Już w kwietniu, podczas przesłuchania w sprawie jego nominacji przed amerykańskim Senatem, Nelson przyznał, że obawy dotyczące bezpieczeństwa w odniesieniu do współpracy z Chinami są uzasadnione. Dodał jednak, że w przypadku jakichkolwiek wspólnych działań, NASA ściśle przestrzegała by tzw. „poprawki Wolfa”. Chodzi o prawo, które zabrania NASA podejmowania jakiejkolwiek współpracy z chińskimi podmiotami kosmicznymi, tak rządowymi jak i prywatnymi. Nelson wyraził również obawy dotyczące chińskiego programu kosmicznego, zauważając, że nie jest on przejrzysty i objęty jest wysokim stopniem tajności, co utrudnia podjęcie międzynarodowej współpracy. Pokusił się nawet o stwierdzenie, że obecnie NASA toczy „wyścigu kosmiczny" z Chinami. Zaznaczył jednak, że pomimo tego, tam gdzie byłoby to możliwe, w określonych obszarach, chętnie podjąłby współpracę z Chińczykami. Jak powiedział: „Chciałbym, aby Chiny były dla nas partnerem, tak jak Rosjanie byli nim od czasów Związku Radzieckiego w 1975 roku, kiedy mieliśmy program Apollo‒Soyuz, i od tego czasu kontynuowaliśmy współpracę" - powiedział Nelson, odnosząc się do pierwszej załogowej międzynarodowej misji kosmicznej przeprowadzonej wspólnie przez USA i Związek Radziecki. 
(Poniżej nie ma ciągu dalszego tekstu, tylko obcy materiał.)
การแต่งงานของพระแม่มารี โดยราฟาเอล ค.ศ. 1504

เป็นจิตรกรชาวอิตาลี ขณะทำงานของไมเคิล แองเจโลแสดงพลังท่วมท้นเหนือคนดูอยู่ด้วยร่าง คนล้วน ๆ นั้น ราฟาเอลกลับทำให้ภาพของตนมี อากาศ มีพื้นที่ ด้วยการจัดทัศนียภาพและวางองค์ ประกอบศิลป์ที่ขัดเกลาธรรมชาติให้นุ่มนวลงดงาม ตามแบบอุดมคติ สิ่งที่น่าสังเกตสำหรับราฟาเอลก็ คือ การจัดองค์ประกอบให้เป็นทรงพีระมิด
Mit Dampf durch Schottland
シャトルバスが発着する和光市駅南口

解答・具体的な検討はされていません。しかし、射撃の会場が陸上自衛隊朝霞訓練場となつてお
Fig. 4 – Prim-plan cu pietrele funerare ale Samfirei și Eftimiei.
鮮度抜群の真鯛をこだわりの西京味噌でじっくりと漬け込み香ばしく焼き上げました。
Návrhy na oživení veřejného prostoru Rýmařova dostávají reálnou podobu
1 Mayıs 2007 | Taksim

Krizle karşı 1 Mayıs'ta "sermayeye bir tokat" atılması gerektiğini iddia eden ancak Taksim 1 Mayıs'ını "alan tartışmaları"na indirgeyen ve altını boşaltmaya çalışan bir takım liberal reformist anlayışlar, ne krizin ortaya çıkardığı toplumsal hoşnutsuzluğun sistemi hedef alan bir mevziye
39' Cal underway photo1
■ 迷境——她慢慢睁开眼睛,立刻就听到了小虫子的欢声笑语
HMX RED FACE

Współpraca z Rosją będzie kontynuowana 

Przy okazji współpracy na linii USA–ZSRR, Nelson odniósł się do obecnej współpracy NASA z Rosją. Oświadczył, że Ameryka zamierza kontynuować kosmiczną współpracę z Rosjanami, pomimo tego, że agencja kosmiczna Roskosmos zapowiedziała wycofanie się z udziału w Międzynarodowej Stacji Kosmicznej. Sprawa nie jest jednak przesądzona i są sygnały, że pomimo zapowiedzi, Rosjanie zmienią zdanie i będą kontynuować współpracę z USA przy utrzymaniu stacji.
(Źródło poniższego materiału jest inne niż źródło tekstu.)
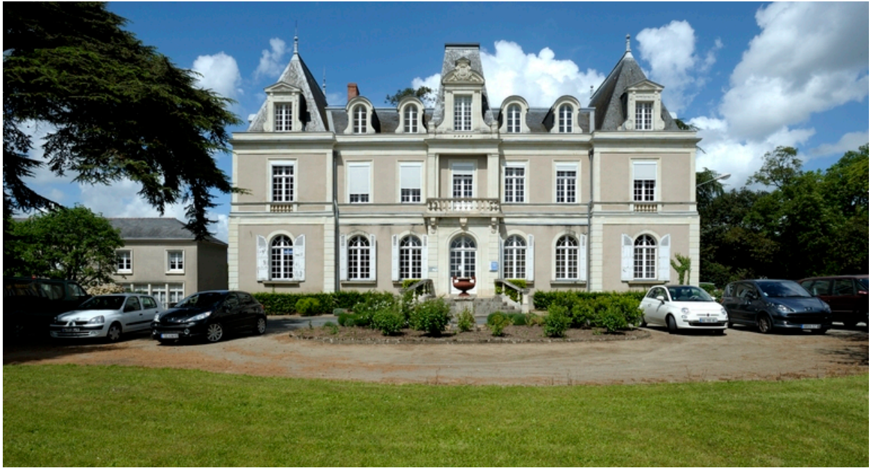
Vue de la façade sud.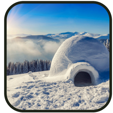
Comme les Inuits !

La montagne, ça nous gagne ! On prend une tenue chaude, et on commencera la journée par une session patinoire. Vous êtes plus boucle piqué ou triple axel ? Ensuite ce sera direction le grand air pour aller construire des igloos ! Oui oui, un gentil moniteur nous accompagnera pour nous apprendre l'art de la construction de cet habitat si original. On pourra peut-être prendre le goûter dedans ?!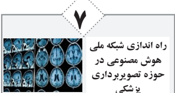
راه اندازی شبکه ملی هوش مصنوعی در حوزه تصویربرداری پزشکی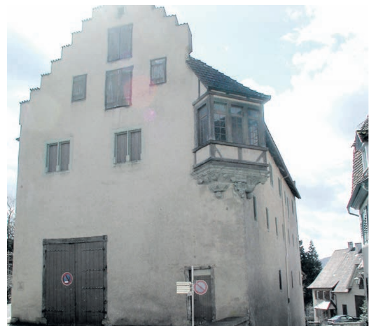
Das Kornhaus soll nach dem Wunsch der Bürgerwerkstatt belebt werden, damit auch in der wunderschön sanierten Altstadt mehr los ist.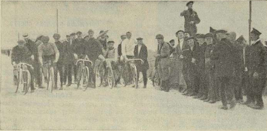
Старт 15-верстной гонки въ Московскомъ кружкѣ конькобѣжцевъ и велосипедистовъ-любителей.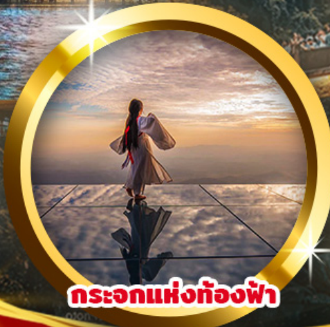
กระโจมแห่งท้องฟ้า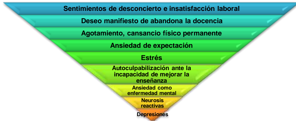
Figura 3.1: “Graduación de tensiones en docentes”

Fuente: Esteve, J. (1994). El malestar docente. Barcelona: Laia.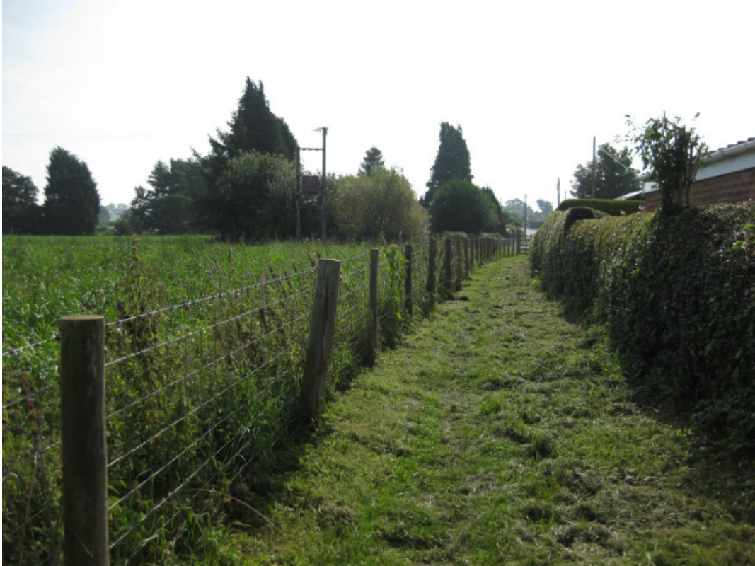
Yr olygfa ar hyd llwybr troed y ffin ddeheuol yn edrych tua'r de ar hyd llinell Clawdd Wat.

Wracając jednak do tematu relacji z Chinami, Nelson wydaje się być zdeterminowany by doprowadzić do rozpoczęcia choćby ograniczonej współpracy z tym krajem. Na jednej konferencji prasowych w siedzibie NASA w Waszyngtonie w czerwcu, szef amerykańskiej agencji powiedział, że z „niecierpliwością" czeka na współpracę z Chinami w takich kwestiach jak zajęcie się narastającym i zagrażającym wszystkim problemem „kosmicznych śmieci". Wypada mieć nadzieję, że obydwie potęgi połączą siły na rzecz pokojowej współpracy w eksploracji kosmosu. Przykład takiego przedsięwzięcia, które od dekad przynosi korzyści wszystkim już jest.